A[7:7+len(B)] = B[:len(A)-7]
Example:
import numpy
B = numpy.array([1,2,3,4,5,6])
A = numpy.array([1,2,3,4,5,6,7,8,9,10])
A[7:7+len(B)] = B[:len(A)-7]
print A # [1 2 3 4 5 6 7 1 2 3]
A = numpy.array([1,2,3,4,5,6,7,8,9,10,11,12,13,14,15,16,17,18,19,20])
A[7:7+len(B)] = B[:len(A)-7]
print A # [ 1 2 3 4 5 6 7 1 2 3 4 5 6 14 15 16 17 18 19 20]
import numpy
A = numpy.array([1,2,3,4,5,6,7,8,9,10])
B = numpy.array([1,2,3,4,5,6])
numpy.hstack((A[0:7],B))[0:len(A)]
on second thought this fails the case where B fits inside A.
soo....
import numpy
A = numpy.array([1,2,3,4,5,6,7,8,9,10])
B = numpy.array([1,2,3,4,5,6])
if 7 + len(B) > len(A):
A = numpy.hstack((A[0:7],B))[0:len(A)]
else:
A[7:7+len(B)] = B
but, this sort of defeats the purpose of the question! I'm sure you prefer a one-liner!
Same question, but in 2d
Numpy - Overlap 2 matrices at a particular position
There I try to make the case that it is better that you take responsibility for determining which part of B should be copied:
A[7:] = B[:3]
A[7:] = B[-3:]
A[7:] = B[3:6]
np.put will do this sort of clipping for you, but you have to give it an index list, not a slice:
np.put(x, range(7,len(x)), B)
which isn't much better than x[7:]=y[:len(x)-7].

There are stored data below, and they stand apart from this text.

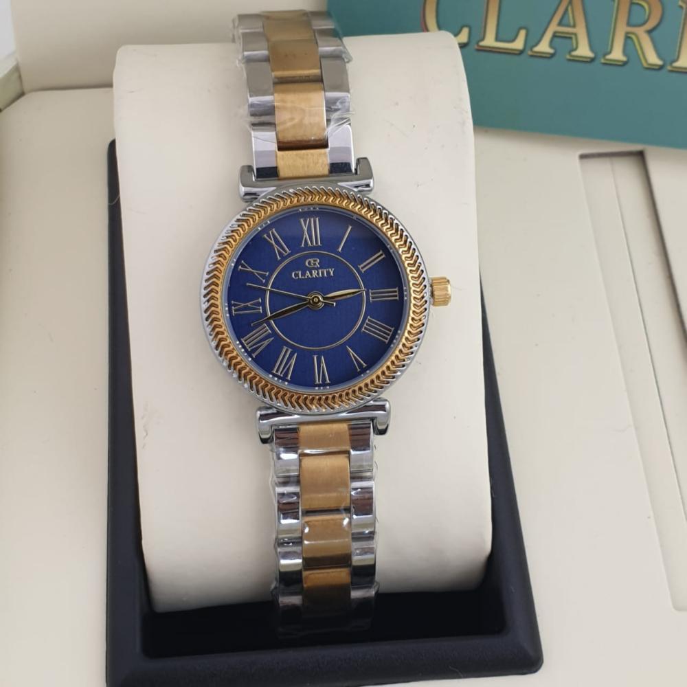 • ساعة نسائية كليرتى Clarity ذات لون مميز من الستيل الذهبي والفضي الخالص، تناسب كل ألوان ملابسك المميزة.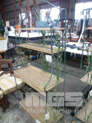 DISTRESSED GREEN, WROUGHT IRON FRAME PLANTER STAND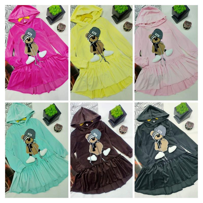 Стильне круте плаття РЕКОМЕНДУЄМО! Сукня вільного крою підійде на будь який тип фігури. Тканина: королівський плюшевий велюр на бавовняній основні. Аплікація - іграшка ведмедик пришитий. заміри+-1-2см:. 💖р116- дл.від плеча 66/+спинка 6см/ПОГ 29см,рукав від плеча 42 см 💖р122- дл.від плеча 69/+спинка 6см/ПОГ 31см,рукав від плеча 44 см 💖р128- дл.від плеча 62/+спинка 6см/ПОГ 33см,рукав від плеча 46 см 💖р134- дл.від плеча 64/+спинка 6см/ПОГ 35см,рукав від плеча 48 см 💖р.140- довжина від плеча 66 см / + спинка 6см / ПОГ 37 см, рукав від плеча 51 см 💖р.146- довжина від плеча 69 см / + спинка 6см / ПОГ 38 см, рукав від плеча 52 см 💖р.152- довжина від плеча 70 см / + спинка 6см / ПОГ 40 см, рукав від плеча 54 см 💖р.158- довжина від плеча 74 см / + спинка 7см / ПОГ 42 см, рукав від плеча 57 см 💖р.164- довжина від плеча 76 см / + спинка 7см / ПОГ 43 см, рукав від плеча 57 см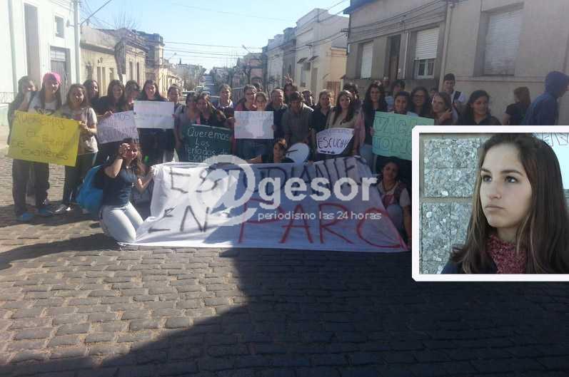 Al momento de manifestarse los alumnos frente al Liceo N°1 José María Campos, @gesor pudo hablar con una de las delegadas liceales, Giuliana Piaggio- de 4to año 6, quien explicó los motivos que han llevado a los propios estudiantes movilizarse en reclamo de varios puntos, entre ellos el derecho a las vacaciones en setiembre y tranquilidad para quienes deban dar exámenes dentro del período previsto.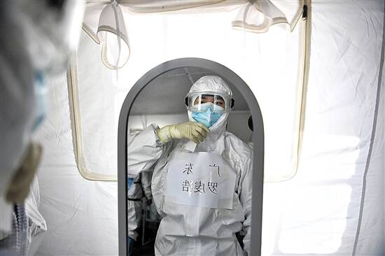 罗虔浩正在穿防护服,准备进入方舱工作 |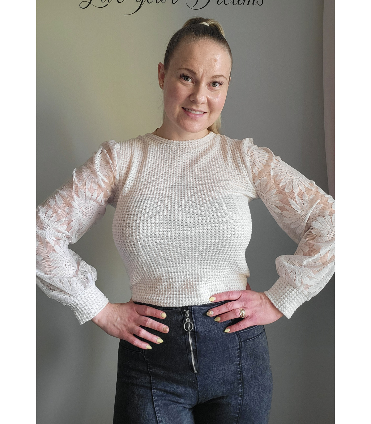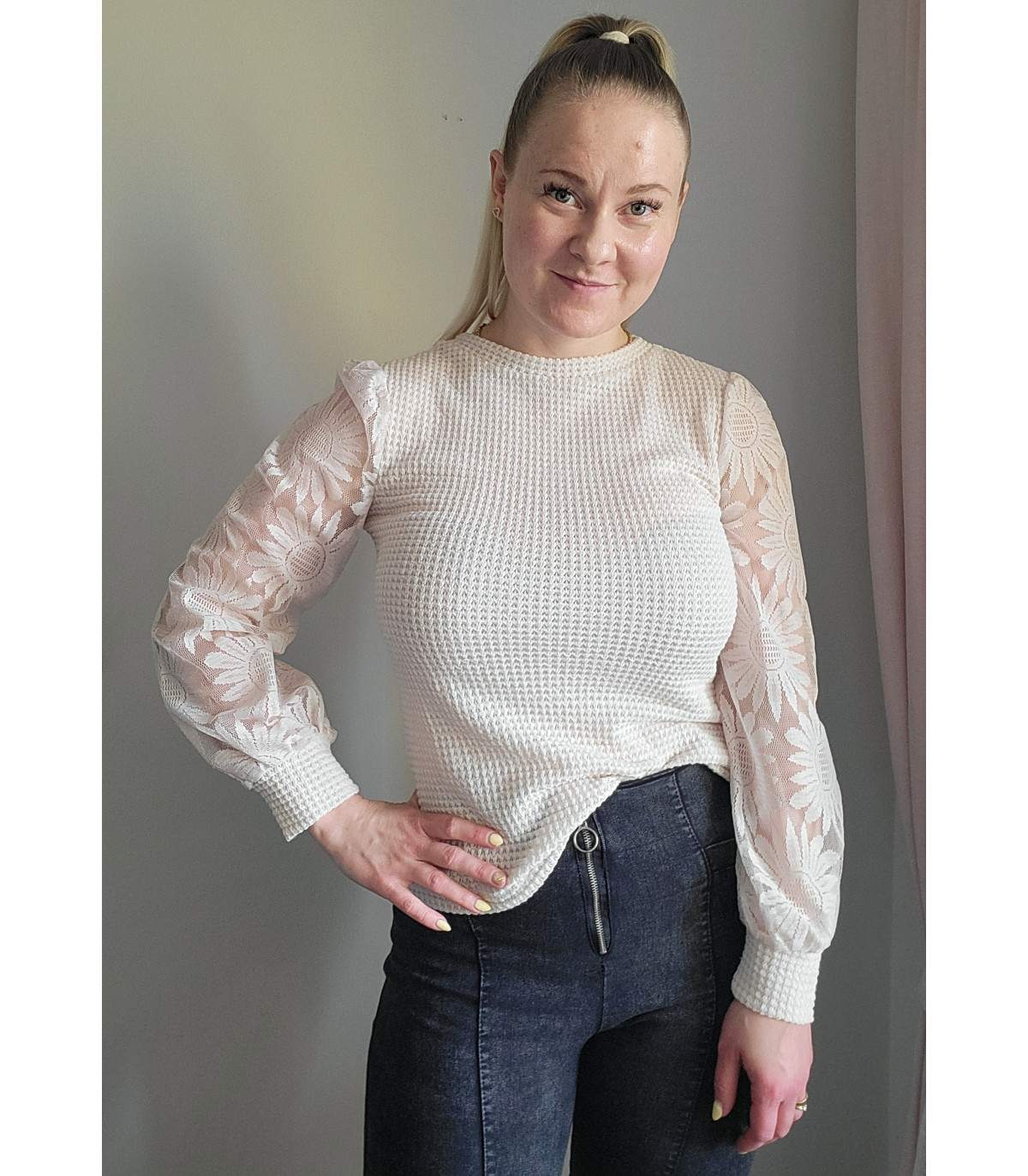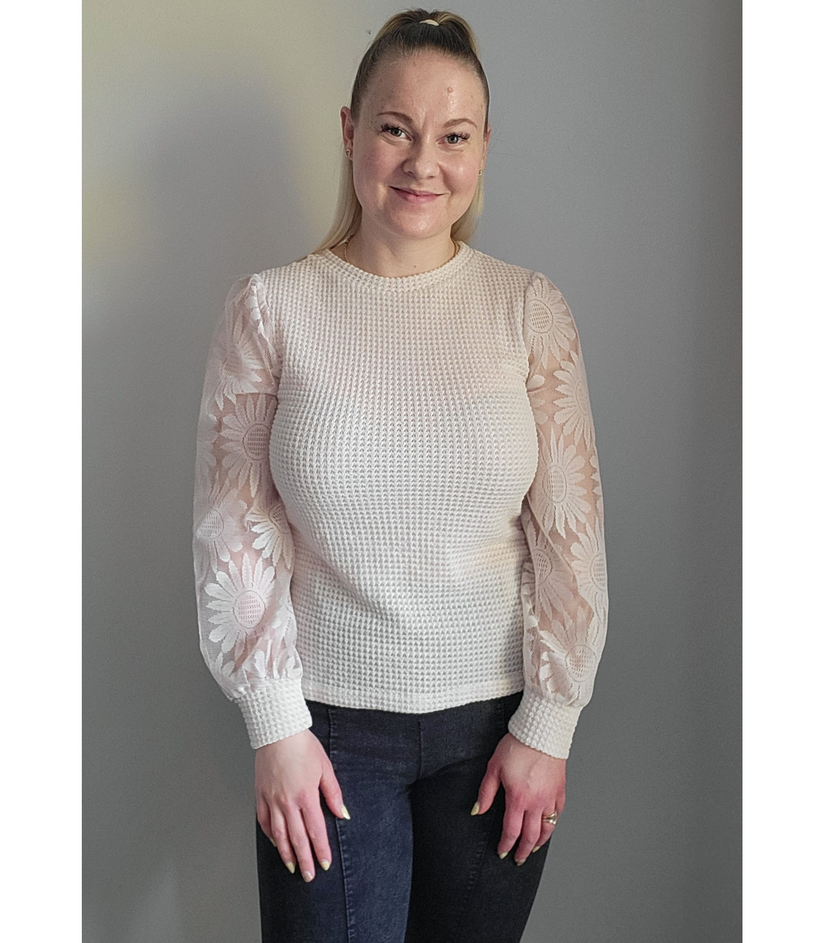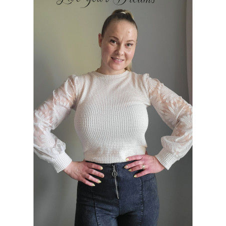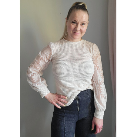 Beige vohvelipaita auringonkukallisilla mesh-pussihihoilla

The doc for put tells me there is also a putmask, place, and copyto functions. And the counterpart to put is take.
An interesting thing is that while these other functions give more power than indexing, with modes like clip and repeat, I don't see them being used much. I think that's because it is easier to write a function that handles your special case, than it is to remember/lookup general functions with lots of options.